◆ **INPUT DATA**:
^^^^^^^^^^^^^^^^
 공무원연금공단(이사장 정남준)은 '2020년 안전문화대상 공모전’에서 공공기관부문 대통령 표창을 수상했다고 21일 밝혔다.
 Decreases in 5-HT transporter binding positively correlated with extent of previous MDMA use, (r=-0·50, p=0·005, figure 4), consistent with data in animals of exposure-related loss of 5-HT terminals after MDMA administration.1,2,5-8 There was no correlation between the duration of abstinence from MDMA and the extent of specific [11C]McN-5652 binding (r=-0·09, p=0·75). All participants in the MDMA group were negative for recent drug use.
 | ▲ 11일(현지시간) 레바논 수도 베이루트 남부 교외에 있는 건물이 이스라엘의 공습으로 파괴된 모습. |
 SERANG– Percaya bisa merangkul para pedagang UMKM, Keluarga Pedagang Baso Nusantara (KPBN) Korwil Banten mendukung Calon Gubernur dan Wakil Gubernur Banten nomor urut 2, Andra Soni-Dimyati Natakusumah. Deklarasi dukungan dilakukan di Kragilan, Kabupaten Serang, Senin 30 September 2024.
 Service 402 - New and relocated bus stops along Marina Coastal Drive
^^^^^^^^^^^^^^^^
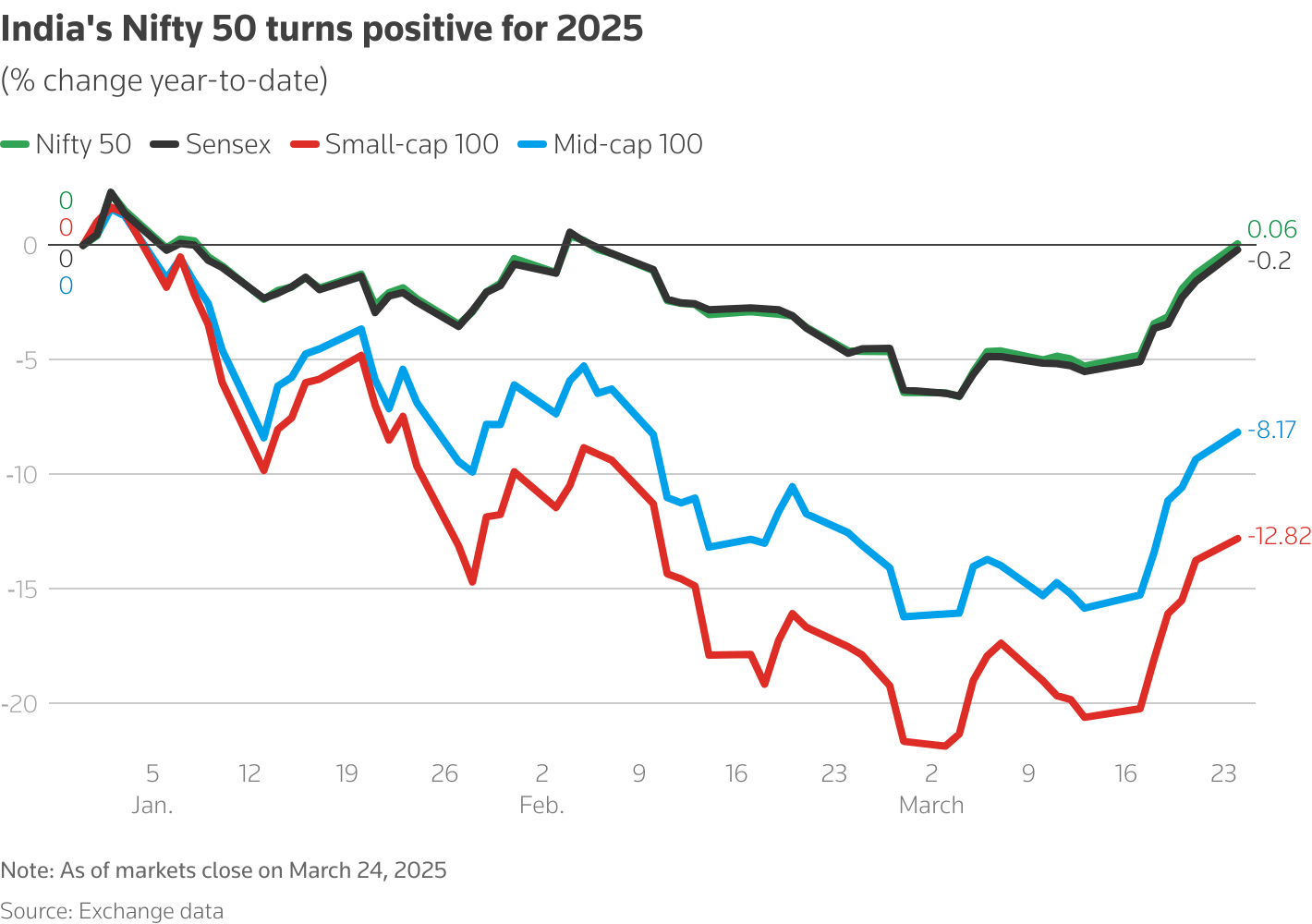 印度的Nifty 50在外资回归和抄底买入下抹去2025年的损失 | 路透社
^^^^^^^^^^^^^^^^
◆ **WHAT THE TASK ASKS**: In the material above, find the line containing "공습으로 파괴된 모습. |" and the line containing "Service 402 - New", then write out exactly those two lines and every line between them, and nothing more.

◆ **EXERCISE RESPONSE**:
 | ▲ 11일(현지시간) 레바논 수도 베이루트 남부 교외에 있는 건물이 이스라엘의 공습으로 파괴된 모습. |
 SERANG– Percaya bisa merangkul para pedagang UMKM, Keluarga Pedagang Baso Nusantara (KPBN) Korwil Banten mendukung Calon Gubernur dan Wakil Gubernur Banten nomor urut 2, Andra Soni-Dimyati Natakusumah. Deklarasi dukungan dilakukan di Kragilan, Kabupaten Serang, Senin 30 September 2024.
 Service 402 - New and relocated bus stops along Marina Coastal Drive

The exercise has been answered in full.